Superintendent Mervyn Seffen, who took over in the post in March, said the changing face of how his officers deal with the public is already becoming apparent.
“My neighbourhood teams are out doing what we call surgeries and identifying local businesses and premises that can facilitate that,” he added.
“That is something we are very anxious to do, where people can come and see us. I think that is really important, particularly given the rural area that we cover.
“I think the priorities within the community are about visibility, providing reassurance and dealing with the anti-social behaviour and the crimes that are affecting the people.
“It is that low level, constant crime which impacts on people the most. That is probably what I’m hearing the most when I’m out in the community.
“Our numbers have remained steady in the past few years, but we have increased neighbourhood police. There are now nine neighbourhood teams covering the district,” he added.
“And they are in full capacity at the moment dealing with local issues.”
At the moment, there are upwards on 10 police officers specificially assigned to what are known as ‘Neighbourhood Policing’ teams covering almost each of the Local Government Wards in the Fermanagh and Omagh area.
The comments of the District Commander were echoed by the Chief Constable, Simon Byrne, who said that patrolling on bicycles, which he hopes will become more prevalent, is providing his officers with a different perspective.

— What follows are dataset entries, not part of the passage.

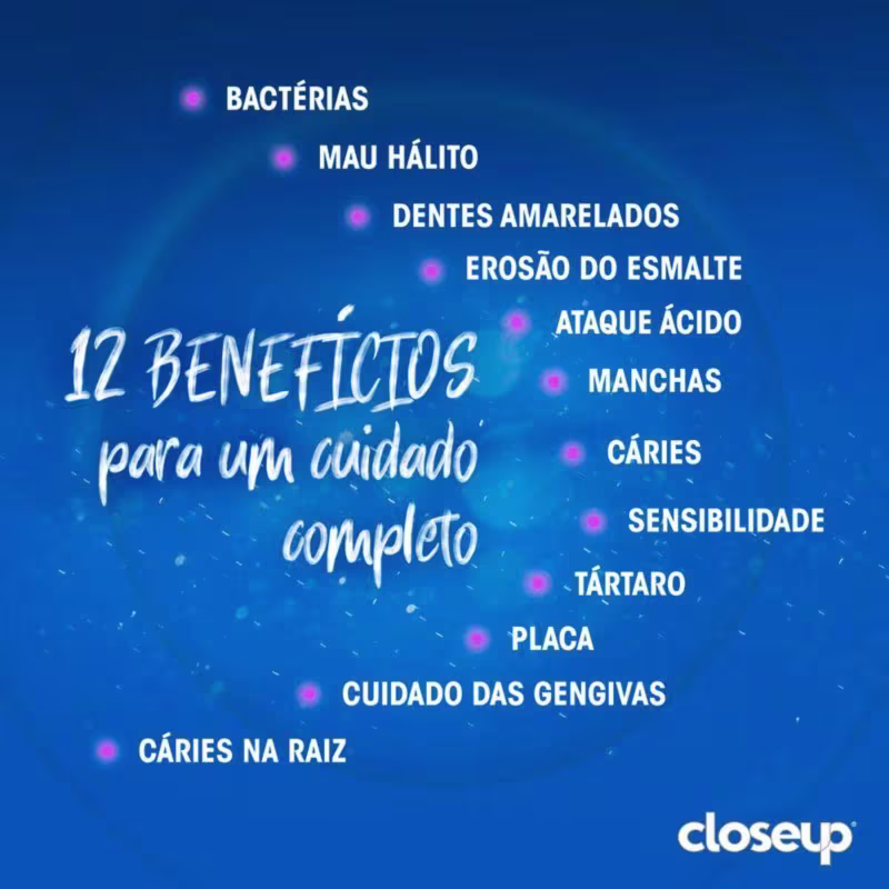 Creme dental. Close Up Multivitaminas +12 Benefícios Branqueador garante até 18 horas de proteção completa contra bactérias, mau hálito, dentes amarelados, erosão do esmalte, ataque ácido, manchas, cáries na raiz, cuidado das gengivas, sensibilidade, tártaro e placa.
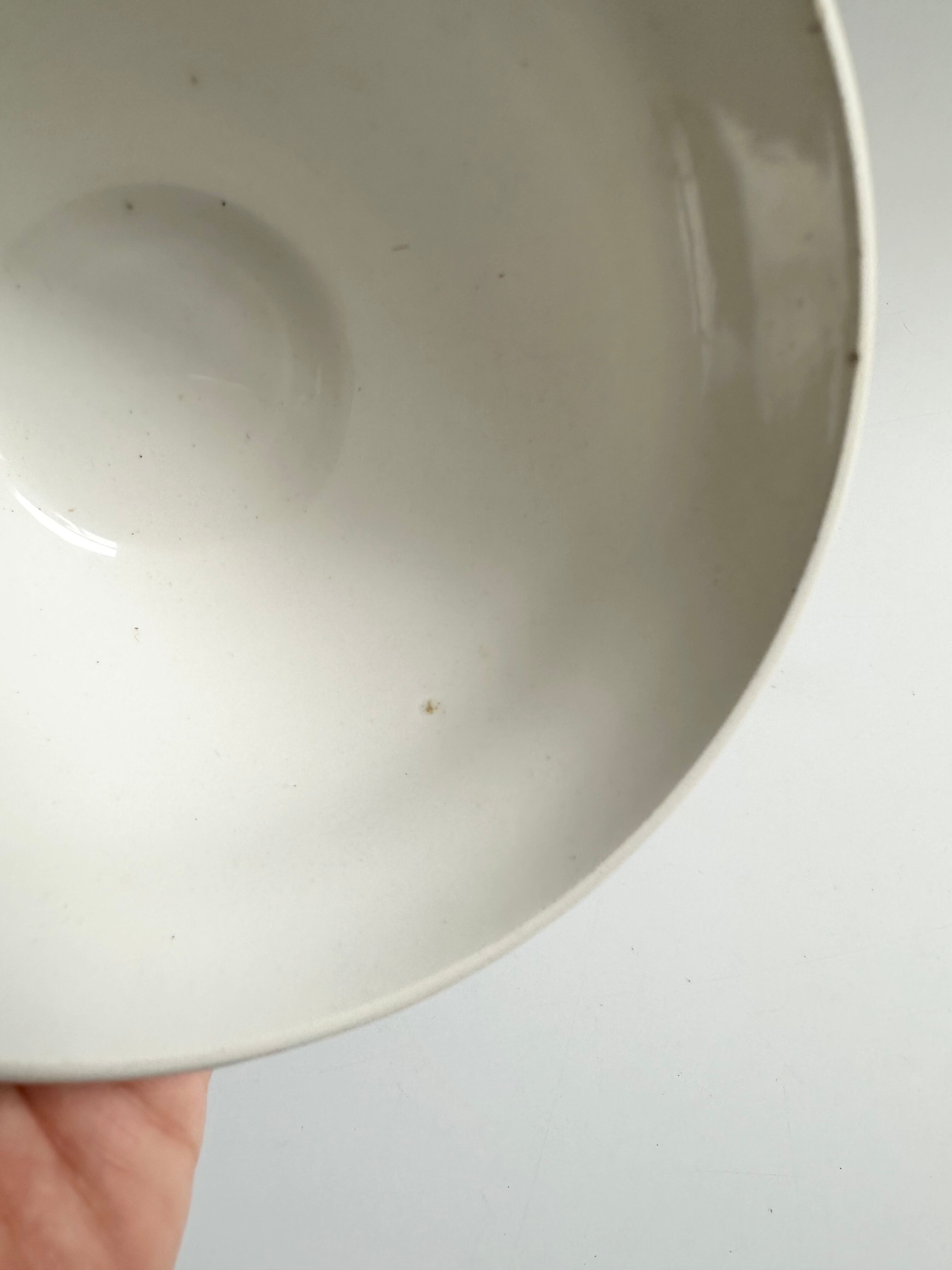縁に小さなチップがあります。カトラリー傷、窯傷、スレ、小さな傷、裏に制作中の支柱跡、多少のシミ、ございます。
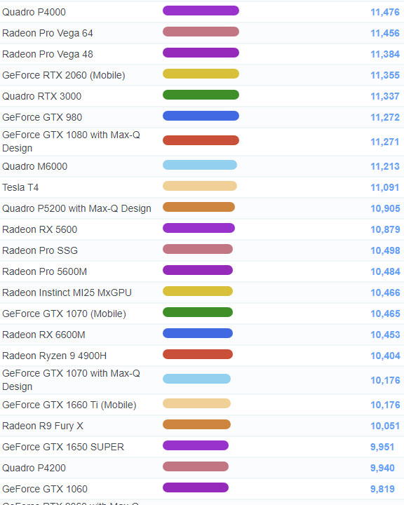 | 59 | Quadro RTX 5000 with Max-Q Design | 13,987 |
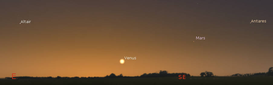 Venus, Mars and two bright stars in the morning at 7:30, around 45 minutes before sunrise. Venus will pass Mars on for the first time this year on February 12th, only to have Mars pass Venus back on March 15th. That’s 5 days before Venus reaches its greatest separation from the Sun, and begins to head back around the Sun. Click in the image to enlarge it. Created using Stellarium.
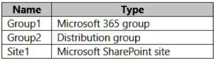 You have a Microsoft 365 tenant that contains the groups shown in the following table.

“We want to increase the number of officers we see patrolling on bikes and there is a real enthusiasm to do that,” he said.
“I enjoy going out on a bike myself on patrol and because it’s a little different it’s a conversation starter.
“That in itself is part of the dynamic that Mervyn (District Commander) is keen on when he talks about giving reassurance.”
“We know we’re going to have fewer officers, and we are committed, from a local point of view, to maintain the number of neighbourhood officers, and maintaining any number of officers who answer 999 calls.”